Bug 4: dot-directory. With the session correct, the script picked .remote-plugins as the project root because the exclusion list named specific directories (.claude, outputs, uploads, tmp) but didn’t filter all dot-prefixed names. Fix: exclude any directory whose name starts with ..

Four bugs, one function, each hiding behind the last. The lesson is the same every time: don’t assume what a sandboxed filesystem looks like. Navigate it, read it, then write the detector.

Knowing what you generated

Every successful generation writes a companion .md file alongside the video:

exports/videos/kie/2026-04-13/
  grok-imagine_20260413_120205.mp4
  grok-imagine_20260413_120205.md

The companion file has the full prompt, the exact CLI command that produced the video (copy-paste to regenerate), and a parameters table. I added this after losing track of which model-duration-aspect-ratio combination produced a result I liked. Every output is self-documenting.

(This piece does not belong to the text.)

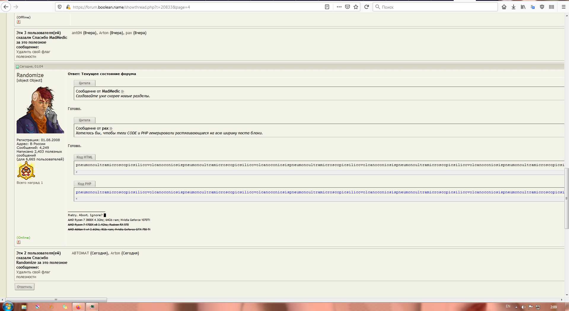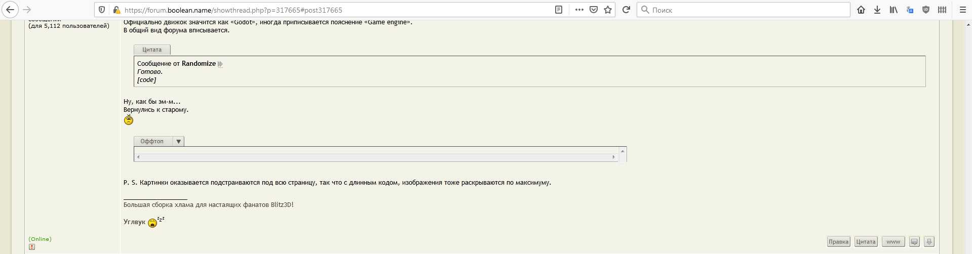 Нормально отображается только в обычном режиме просмотра. Randomize вроде уже сел писать новый форум, а старый пока так, на костыля стоит. Цитата:

Every generation also appends to a local costs.json. Running the costs subcommand shows per-model breakdowns: generation count, elapsed time, approximate spend. Three Grok Imagine test clips cost $0.14 total. Visible cost-per-generation changes how you iterate – at $0.05 a clip you run more variations before committing to a pricier model.

Claude Cowork example video generation using ByteDance Seedance 1.5 Pro:

Generating ByteDance Seedance 2.0 Fast video within Claude Cowork desktop app:

This ByteDance Seedance 2.0 Fast 480p 8 second video cost 15.5 credits/s ($0.0775/s) = 15.5x8 = 124 credits or $0.0775 x 8 = $0.62 via the KIE.ai API.

What didn’t work

Kling 3.0 timeout is a workaround, not a fix. The retrieve subcommand exists because the model takes longer than any reasonable polling window. A better solution would be a persistent state file that tracks pending task IDs, with automatic polling on the next invocation. That’s on the list.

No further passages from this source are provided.